José Cortazar Navarrete Mérida, Yuc. 12 de diciembre– Arqueólogos y ambientalistas han iniciado un monitoreo de las estructuras mayas en los principales sitios de Yucatán que registran cambios en las estructuras y basamentos por efectos de cambio climático. José Huchim Herrera, director de la zona arqueológica de Uxmal, señaló que, han presentado un proyecto al INAH para medir y cuantificar el impacto ambiental que reciben estos sitios ancestrales por los cambios climatológicos.
Huchim Herrera destacó que es evidente que, las estructuras, que muchas de ellas ya tienen más de mil años están siendo afectadas. Tras el paso de los huracanes, dijo, se presentaron desplomes parciales en Sayil, en la zona del palacio; en Chacmultún también un desplome parcial, en Uxmal también se presentó un asentamiento producto de las lluvias en un edificio, repuso.

El arqueólogo explicó que, han presentado una propuesta al Instituto Nacional de Antropología e Historia que implica el monitoreo de la temperatura de los edificios de Uxmal, Sayil y Labná, donde los meses de secas las estructuras alcanzan una alta concentración de calor y posteriormente con las lluvias se agrietan y fracturan por hongos y líquenes, expuso.
Los cambios drásticos del ambiente están afectando las estructuras milenarias mayas, expuso, estamos monitoreando las condiciones de este impacto y saber hasta cuándo se podrán sostener en píe muchas de estas estructuras, dijo.
El director de la zona arqueológica de Uxmal y la ruta Puuc, destacó que, el deterioro es evidente, la humedad, la vegetación, los efectos de lluvias y excesivas temperaturas están haciendo mella en los edificios y estructuras.
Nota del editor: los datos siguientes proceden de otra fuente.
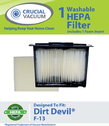 1 Dirt Devil F13 (F-13) Washable HEPA Filter Plus Foam Fits Reaction Dual Cyclonic, Reaction All-Surface, Reaction Fresh, and Action Vacuum Cleaners: Compare to Dirt Devil F-13 Filter Part # 3LK0540001; Designed & Engineered By Crucial Vacuum Feature

La exposición de estas construcciones a lo largo del tiempo está registrando daños evidentes y es preciso saber y profundizar los alcances de este impacto, destacó.
Es momento saber si ya estamos en focos naranjas, la situación y el daño que tienen estos edificios mayas que han sido reconstruidos, muchos de ellos, con elementos originales, en el caso de la argamasa procesada por albañiles yucatecos, pero es evidente que el daño está causando una serie de afectaciones y es preciso anticiparse a estos problemas, con estudios profundos y que permitan atender el problema, señaló.
Se necesitan generar propuestas y anticiparse a estos problemas para mantener la conservación del patrimonio histórico, como es el caso de estas ciudades mayas que tienen en algunos casos hasta mil 200 años.
“Son de piedra, dirán algunos, han estado expuestas al clima siempre, pero es preciso establecer que, a lo largo del tiempo, han sufrido la exposición a estos fenómenos y los cambios están dañando las bases y construcciones y es preciso anticiparse y atender su conservación” recalcó.
Incluso, detalló, el campamento que sirve para las tareas de protección del personal que trabaja en el mantenimiento de las zonas arqueológicas resultó con graves afectaciones por las lluvias, porque ya tiene más de 60 años y ahora estamos trabajando en darle mantenimiento, dijo.
Huchim Herrera enfatizó que se ha hecho una evaluación de los daños que se presentaron con las lluvias y se trabaja con las aseguradoras para compensar gastos y prever la recuperación de las intervenciones en los sitios arqueológicos afectados, pero, el trabajo de seguimiento sobre el cambio climático será a mediano y largo plazo para obtener un dictamen y trabajar incluso junto con otros especialistas para saber más de este proceso, sostuvo.
El cambio climático se está reflejando en la piedra caliza que son las bases con las construcciones, hay evidencia de fisuras en los edificios. Haremos un monitoreo de un año sobre toma de temperaturas en los edificios y de esta forma poder saber y tener registros del impacto del calor y la humedad en las construcciones y presentar una evaluación sobre estos datos, comentó el arqueólogo.